What emerging methodologies might enhance RPS24 antibody applications in future research?

Emerging technologies promise to expand the utility of RPS24 antibodies in molecular research:

• Spatial transcriptomics integration: Combine RPS24 immunostaining with spatial transcriptomics to correlate protein expression with local gene expression profiles in tumor microenvironments.

• Single-cell proteomics: Apply RPS24 antibodies in single-cell Western blot or mass cytometry approaches to examine cell-to-cell variability in expression.

• Live-cell imaging: Develop non-perturbing antibody fragments or nanobodies against RPS24 for real-time visualization of its dynamics during stress responses.

• Proximity labeling: Use RPS24 antibodies in conjunction with proximity ligation assays to map context-specific protein interaction networks.

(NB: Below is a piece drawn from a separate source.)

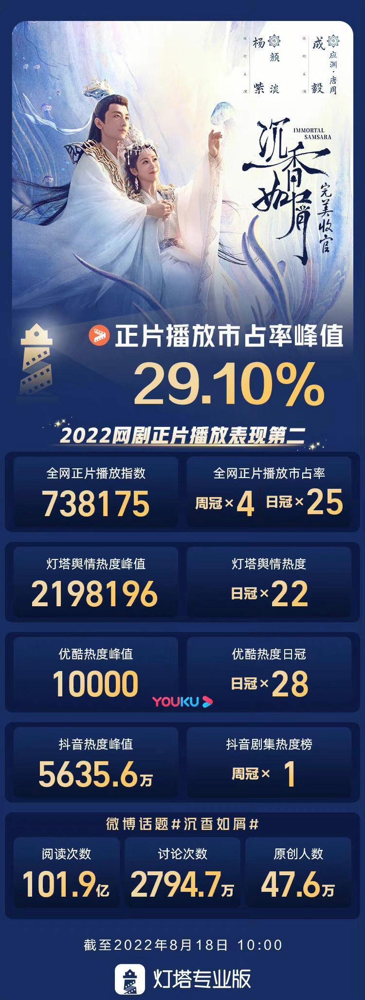 ❷二番《沉香如屑》,开播49小时热度值破10000,是优酷平台最快破万的剧集。

• Antibody engineering: Create bispecific antibodies targeting RPS24 and other markers to enhance detection sensitivity in specific cellular compartments.

These approaches would be particularly valuable for investigating the differential regulation of RPS24 isoforms under various stress conditions, such as the autophagy-dependent induction of RPS24L under hypoxia , and could reveal new therapeutic vulnerabilities in cancer and other diseases.